Seventh Circle Audio

[twelvetone]

I've got a question about unbalanced test equipment being hooked to balanced gear.

For example:

If I send a balanced 0dBu 1kHz sine wave to my gear on an XLR connector, that'll be 2.19V p-p. This means it would be 1.095V on each leg of the balanced connector, right? (pin 1-pin2, and pin1-pin3 on XLR).

That way, when an unbalancing circuit sums them (and inverts the pin1-pin3 signal), they'll sum to 2.19V p-p, or .775V rms.

Right?

So, if I have an unbalanced signal generator, and I hook it up at 2.19V p-p between pins 1 and 2, that will give essentially the same result, because there will be no input on pin 1-pin3, so there will be no addition to the signal; we just won't get the benefit of CMRR.

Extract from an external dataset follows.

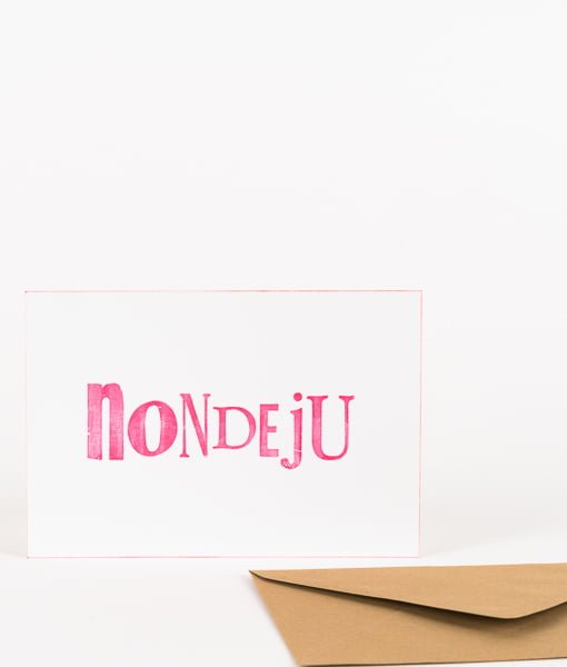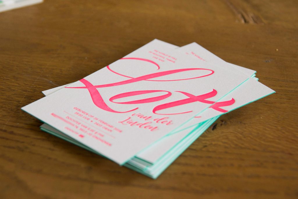 De kaartjes zijn gedrukt op mooi dik 600 grams papier. Door de pers zwaar af te stellen zijn de letters en lekker ingedrukt. Een fluor roze kleur, de fluor kleur op snede en het karakter van de houten letters doen de rest! Juist door het karakter van deze letters en het handmatig beïnkten is geen

Does that sound right? Anybody know?

Thanks!
Mike

[tpryan]

If I send a balanced 0dBu 1kHz sine wave to my gear on an XLR connector, that'll be 2.19V p-p. This means it would be 1.095V on each leg of the balanced connector, right? (pin 1-pin2, and pin1-pin3 on XLR).

Maybe, maybe not, and it doesn't matter to the differential input anyway. All that matters is the difference in voltage between pins 2 and 3.

So, if I have an unbalanced signal generator, and I hook it up at 2.19V p-p between pins 1 and 2, that will give essentially the same result, because there will be no input on pin 1-pin3, so there will be no addition to the signal; we just won't get the benefit of CMRR.

Connect your generator to pins 2 and 3, hot to pin 2 and ground to pin 3. It's not necessary for basic testing, but for better common mode performance you can insert a resistor between the pin 3 connection and ground at the generator end of the cable. The R value should match the output impedance of the generator.